*** Records supplied Section Begins ***
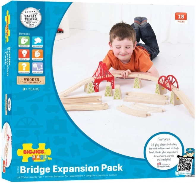 Rozszerz swoją drewnianą kolejkę o uniwersalny zestaw mostowy z 18 elementami, który doda zabawie nowe wysokości i przygody. Zestaw zawiera tory wznoszące i opadające, podpory oraz elementy mostów, aby łatwo pokonywać przeszkody. Jest w pełni kompatybilny z większością drewnianych kolejek i wykonany z wysokiej jakości drewna. Kompatybilność, wysokiej jakości materiały, bezpieczna zabawa oraz rozwój wyobraźni i małej motoryki.
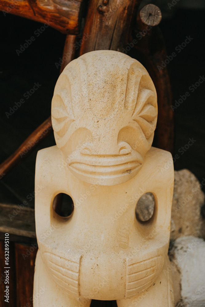 Close-up of traditional Polynesian tiki statue on Tikehau Island, Tahiti.
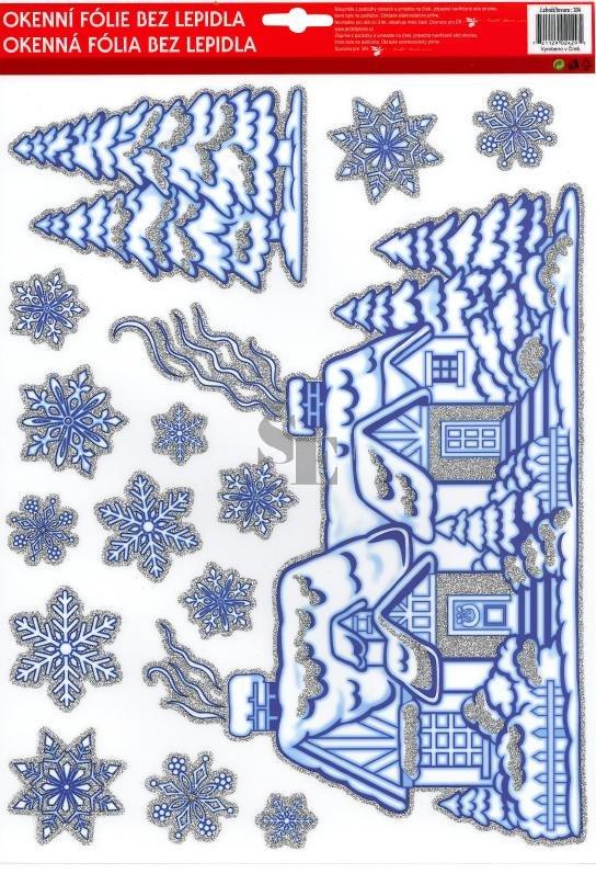 Fólie ledová andíci, chaloupka, zvonky a vločky 42x30cm
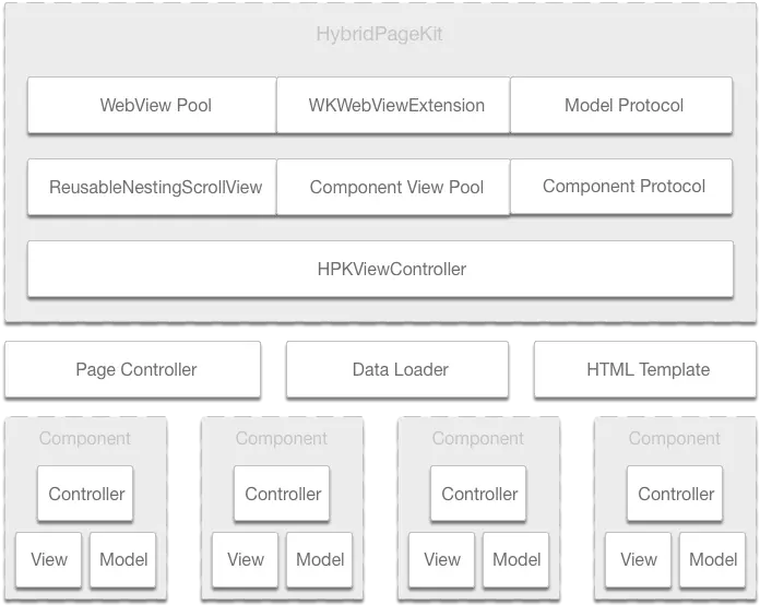 结合ReusableNestingScrollview、WKWebViewExtension以及组件化的设计思路,HybridPageKit整体的架构如下:
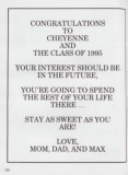 CONGRATULATIONS TO CHEYENNE AND THE CLASS OF 1995 YOUR INTEREST SHOULD BE IN THE FUTURE, YOU’RE GOING TO SPEND THE REST OF YOUR LIFE THERE ... STAY AS SWEET AS YOU ARE! LOVE, MOM, DAD, AND MAX 146
*** Records supplied Section Ends ***
With the pictures removed, print the entries above exactly.

== Output of the task ==
 Rozszerz swoją drewnianą kolejkę o uniwersalny zestaw mostowy z 18 elementami, który doda zabawie nowe wysokości i przygody. Zestaw zawiera tory wznoszące i opadające, podpory oraz elementy mostów, aby łatwo pokonywać przeszkody. Jest w pełni kompatybilny z większością drewnianych kolejek i wykonany z wysokiej jakości drewna. Kompatybilność, wysokiej jakości materiały, bezpieczna zabawa oraz rozwój wyobraźni i małej motoryki.
 Close-up of traditional Polynesian tiki statue on Tikehau Island, Tahiti.
 Fólie ledová andíci, chaloupka, zvonky a vločky 42x30cm
 结合ReusableNestingScrollview、WKWebViewExtension以及组件化的设计思路,HybridPageKit整体的架构如下:
 CONGRATULATIONS TO CHEYENNE AND THE CLASS OF 1995 YOUR INTEREST SHOULD BE IN THE FUTURE, YOU’RE GOING TO SPEND THE REST OF YOUR LIFE THERE ... STAY AS SWEET AS YOU ARE! LOVE, MOM, DAD, AND MAX 146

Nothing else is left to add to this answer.